I say that because you are saying 'mimic neurodivergence' in paragraph 5?
Wow. And you claim not to be prejudiced!
I just want to pick this apart for a minute. My youngest child is a girl who has always enjoyed board games, loved being active, she now plays her sport for the county and for a local premier club. She is autistic but was an early talker, has to wear noise cancelling headphones all of the time. She couldn't cope with the uncertainty of primary school, particular triggers were things like Rock Stars time tables, she's also dyslexic and this affects numbers as well as reading. She was always sat by the disruptive children because on the face of it she was compliant and quiet, she was targeted by bullies and was bit at school on at least 2 occasions. By the time I stopped forcing her into a harmful environment she was refusing to eat and after getting her dressed for school on a Monday she was so overwhelmed that she couldn't get undressed without a meltdown, she slept on the Floor in her bedroom fully dressed. She had rituals where she had to go around her room touching several things and saying things before she could leave the room and then I had to walk her to school when she was crying and trying to run back home. School said she was fine. She was 7 years old. No access to the internet to misdiagnose herself or to ramp up her anxieties ffs.

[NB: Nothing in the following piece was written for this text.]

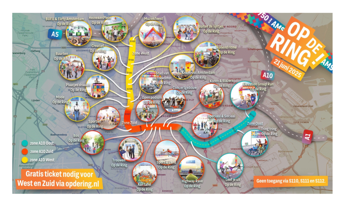 Op het programma in zone A10 West en A10 Zuid staan zo’n 25 onderdelen ontwikkeld door meer dan 200 Amsterdamse initiatiefnemers. Naast Trouwen Op de Ring, waarbij 20 Amsterdamse stellen elkaar het jawoord geven, en een echt Bos Op de Ring met maar liefst 750 grote en 7500 kleine bomen, is er nog veel meer te beleven. Zo vindt er eenmalig het Muziekfeest Op de Ring plaats, met optredens van onder anderen Jan Smit en Danny de Munk. Ook is er Creatief Op de Ring, waar Amsterdamse musea de handen ineenslaan met creatieve verenigingen. Op het podium Highway Rave Op de Ring zorgt Audio Obscura voor ritmische beats op de snelweg. Kijk voor het hele programma en de plattegrond op www.opdering.nl.

She has been out of school since then and has access to OT and SALT, not because she can't talk (or because she wasn't an early talker!) but because she doesn't understand receptive language. The OT is to help with her sensory processing differences.
She will do GCSEs just like everyone else will and she is going to look at local colleges to see if there is something she is interested in.
She has an amazing social life and peer groups through her sport.
I don't dispute that modern life makes things more difficult for neurodiverse people but I do dispute your repeated suggestion that school is no different from 20 years ago. Did you have to do your timetables timed to loud music? (one of multiple examples) and that people are misdiagnosed.
I also dispute your idea that school is necessary and that kids who don't conform to schools won't succeed in life. It's narrowminded and simply untrue.